M04.03.03 The Action Potential in Ventricular Cells

The action potential in ventricular cells is a fundamental concept in cardiac physiology. Understanding its phases, ionic currents, and the molecular mechanisms underlying these processes is crucial for medical students. This detailed note will guide you through the intricate dynamics of ventricular action potentials, enhancing your grasp of this vital topic.

Overview of Ventricular Action Potential

The ventricular action potential is a rapid, transient change in membrane potential that enables the heart to contract and pump blood. It consists of five distinct phases: 0, 1, 2, 3, and 4.

Phases of the Ventricular Action Potential

1. Phase 0: Depolarization
   • Description: Rapid influx of Na+ ions through voltage-gated Na+ channels.
   • Membrane Potential: From -90 mV to +20 mV.
   • Key Ion Channels: Fast Na+ channels (Nav1.5).
2. Phase 1: Initial Repolarization
   • Description: Transient outward K+ current.
   • Membrane Potential: Slight decline from peak.
   • Key Ion Channels: Transient outward K+ channels (Ito).
3. Phase 2: Plateau Phase
   • Description: Balance between Ca2+ influx and K+ efflux.
   • Membrane Potential: Sustained near 0 mV.
   • Key Ion Channels: L-type Ca2+ channels (Cav1.2), delayed rectifier K+ channels (IKr, IKs).
4. Phase 3: Repolarization
   • Description: Dominance of K+ efflux over Ca2+ influx.
   • Membrane Potential: Return to resting potential (-90 mV).
   • Key Ion Channels: Delayed rectifier K+ channels (IKr, IKs), inward rectifier K+ channels (IK1).
5. Phase 4: Resting Potential
   • Description: Stable resting membrane potential maintained.
   • Membrane Potential: -90 mV.
   • Key Ion Channels: Inward rectifier K+ channels (IK1).

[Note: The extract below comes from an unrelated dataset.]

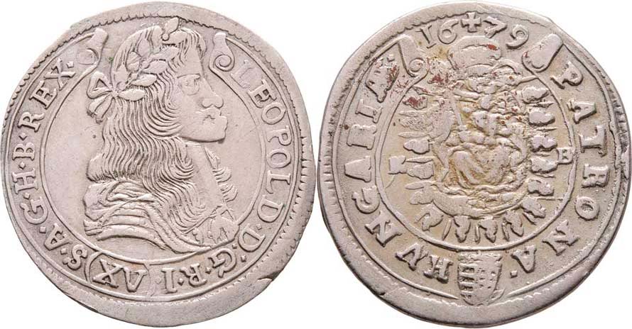 XV Krejcar 1679 KB, Nech.1162, Husz.1425, 6.115g, nep.vada mater. na hraně, nep.nedor., pěkná patina

Ionic Currents and Their Roles

Key Points to Memorize

• Phase 0: Depolarization due to Na+ influx.
• Phase 1: Initial repolarization due to transient K+ efflux.
• Phase 2: Plateau maintained by the balance between Ca2+ influx and K+ efflux.
• Phase 3: Repolarization driven by K+ efflux.
• Phase 4: Resting potential maintained by inward rectifier K+ channels.

Detailed Mechanisms

1. Phase 0: Depolarization
   • Na+ Channels Open: Rapid opening of fast Na+ channels (Nav1.5) allows Na+ to enter the cell.
   • Membrane Potential Shift: From -90 mV to +20 mV in milliseconds.
2. Phase 1: Initial Repolarization
   • Ito Activation: Transient outward K+ channels (Ito) open briefly, causing a slight decrease in membrane potential.
   • Early Repolarization: This phase is very short and quickly transitions to the plateau phase.
3. Phase 2: Plateau Phase
   • Ca2+ Influx: L-type Ca2+ channels (Cav1.2) open, allowing Ca2+ to enter.
   • K+ Efflux: Delayed rectifier K+ channels (IKr, IKs) simultaneously open, balancing the membrane potential near 0 mV.
4. Phase 3: Repolarization
   • Increased K+ Efflux: Delayed rectifier K+ channels (IKr, IKs) dominate, causing repolarization.
   • Closing of Ca2+ Channels: L-type Ca2+ channels close, stopping Ca2+ influx.
5. Phase 4: Resting Potential
   • IK1 Channels: Inward rectifier K+ channels (IK1) maintain the resting membrane potential.
   • Stable State: Ensures readiness for the next action potential.

Clinical Relevance

• Arrhythmias: Abnormalities in action potential phases can lead to arrhythmias.
• Pharmacological Interventions: Drugs targeting specific ion channels can modulate action potentials to treat arrhythmias.
• Genetic Mutations: Mutations in ion channel genes can disrupt action potential dynamics, leading to inherited cardiac disorders.

Bibliography

1. Bers, D. M. (2002). Cardiac Excitation-Contraction Coupling and Cardiac Contractile Force (2nd ed.). Kluwer Academic Publishers.
2. Katz, A. M. (2010). Physiology of the Heart (5th ed.). Lippincott Williams & Wilkins.
3. Guyton, A. C., & Hall, J. E. (2016). Textbook of Medical Physiology (13th ed.). Elsevier Saunders.
4. Nattel, S., & Maguy, A. (2008). Ion Channel Function and Dysfunction in Cardiac Arrhythmia. Physiological Reviews, 88(3), 1129-1152.
5. Hille, B. (2001). Ion Channels of Excitable Membranes (3rd ed.). Sinauer Associates.